Collection entries
--------------------------------
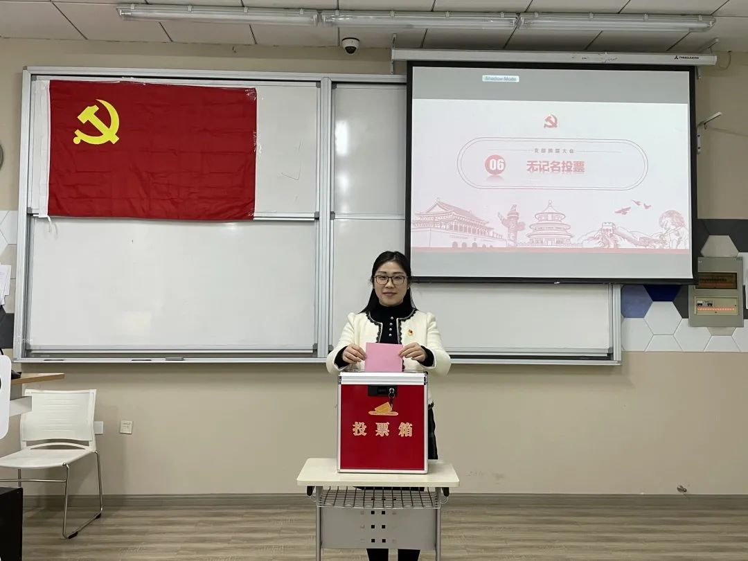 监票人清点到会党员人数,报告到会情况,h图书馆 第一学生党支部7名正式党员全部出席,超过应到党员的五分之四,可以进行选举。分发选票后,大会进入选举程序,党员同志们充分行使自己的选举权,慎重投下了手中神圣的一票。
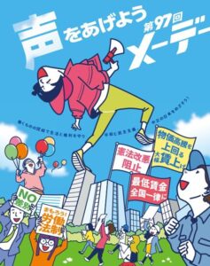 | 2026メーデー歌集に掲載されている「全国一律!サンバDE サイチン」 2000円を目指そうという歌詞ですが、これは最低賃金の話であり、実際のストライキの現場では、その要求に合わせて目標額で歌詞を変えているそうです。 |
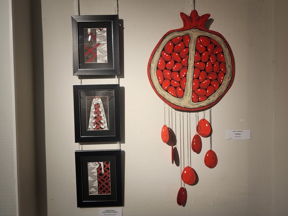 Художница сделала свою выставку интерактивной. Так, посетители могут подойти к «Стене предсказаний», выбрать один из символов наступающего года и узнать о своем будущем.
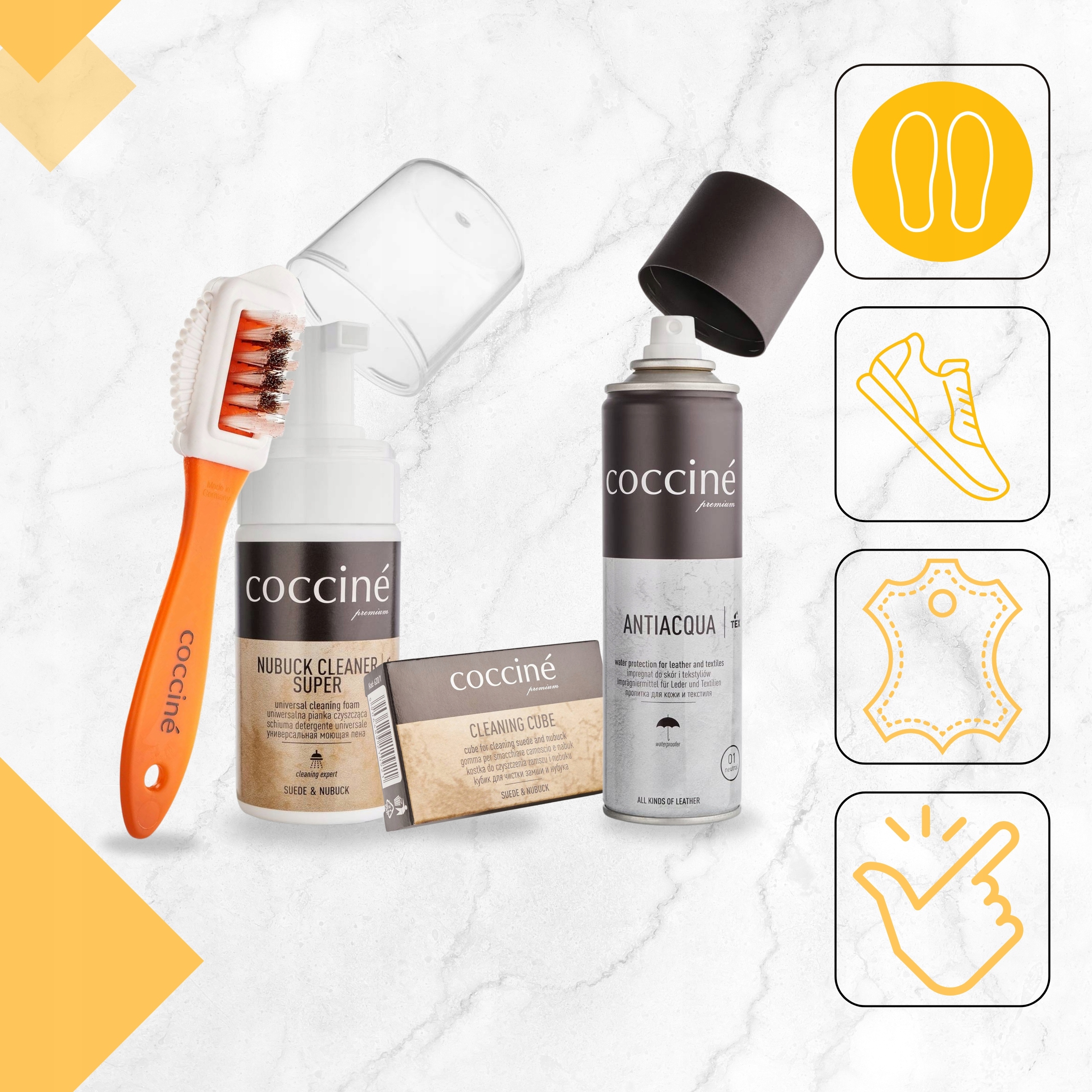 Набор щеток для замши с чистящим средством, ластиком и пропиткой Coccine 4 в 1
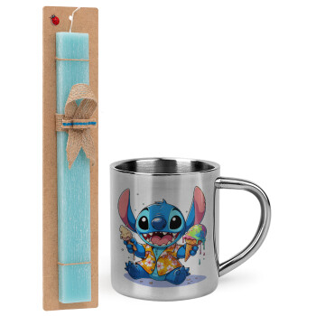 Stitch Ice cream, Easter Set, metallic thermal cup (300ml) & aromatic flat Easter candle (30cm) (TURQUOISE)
--------------------------------
Prompt - The lines from the one containing "Художница сделала свою" through the final line of the data are to be repeated exactly, with both ends included and all pictures left out.

Response area -
 Художница сделала свою выставку интерактивной. Так, посетители могут подойти к «Стене предсказаний», выбрать один из символов наступающего года и узнать о своем будущем.
 Набор щеток для замши с чистящим средством, ластиком и пропиткой Coccine 4 в 1
 Stitch Ice cream, Easter Set, metallic thermal cup (300ml) & aromatic flat Easter candle (30cm) (TURQUOISE)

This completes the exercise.